Our current economic environment provides an opportunity for nonprofits to recover financially, but it does not guarantee their success. Now more than ever, long-term and sustainable growth requires that nonprofits build goodwill and trust of their supporters through demonstrating the positive impact of their work in meaningful ways. To do so, nonprofits should maintain a dynamic and differentiated approach when it comes to communicating their success to key stakeholders. This involves a combined focus on both the quantitative measures of efficiency and the qualitative stories of the organization’s outcomes and benefits within the community it serves.

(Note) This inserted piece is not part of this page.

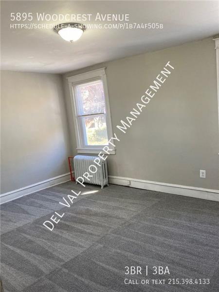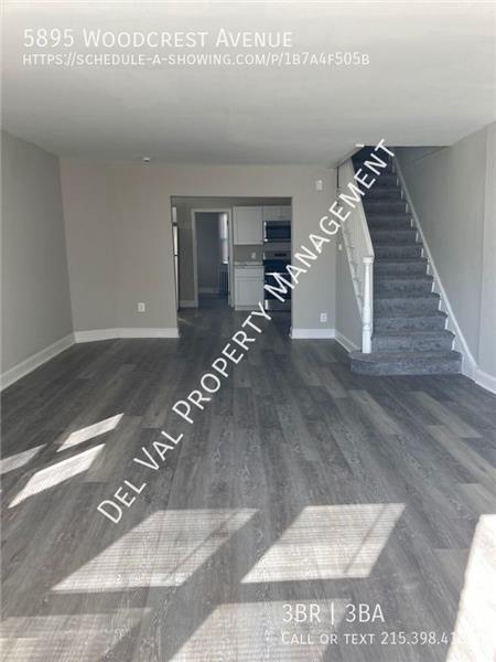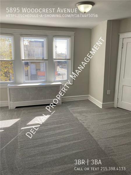 Huge Corner House in Wynnefield – 3 Bedrooms, 2 ½ bath for Rent $1,875/month rent plus utilities 3 Bedrooms 2 1/2 Bathrooms 2,044 square feet First floor has new hardwood flooring throughout Large Eat-in-Kitchen with stainless steel appliances Gas Stove Kitchen leads into a rear bedroom on first floor Full Bathroom on first floor Second floor has new carpeting throughout 4 Bedrooms with plenty of closet space 1 Full Bathroom on second floor Dry and Clean basement with hookups for Washer/Dryer Philadelphia School District No Pets No Smoking /vaping permitted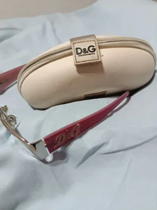 Elegantes gafas de la marca Dolce & Gabbana. - Montura en tono plateado. - Varillas en color rosa con detalles. - Incluye funda protectora con el logo de la marca.

Not to be overlooked in this mix, however, is the option for a more robust economic analysis of a nonprofit’s work. This extends beyond the isolated outcomes that an organization’s programs achieve. It shifts the lens of success outwards—toward the community and the regional economy at large—in order to quantify a nonprofit’s contributions to spending, revenues and jobs. In doing so, these studies provide a powerfully tangible proof point around the real economic value that a nonprofit delivers to a community.

As those in the industry know, this total value can be quite large. But historically, nonprofits have not had the processes and tools at their disposal to quantify its full scope, and then leverage those insights in order to build on their successes. Looking ahead, the economy will hopefully continue its gradual upswing, but competition for funds and advocates will remain entrenched, prompting more nonprofits to reevaluate what they are communicating to their key audiences in order to bolster support. As a profound opportunity to demonstrate impact within a community, economic impact studies are still a largely untapped approach, but we expect to see more organizations waking up to their full potential in the months and years ahead. Those who do should find themselves at a real advantage.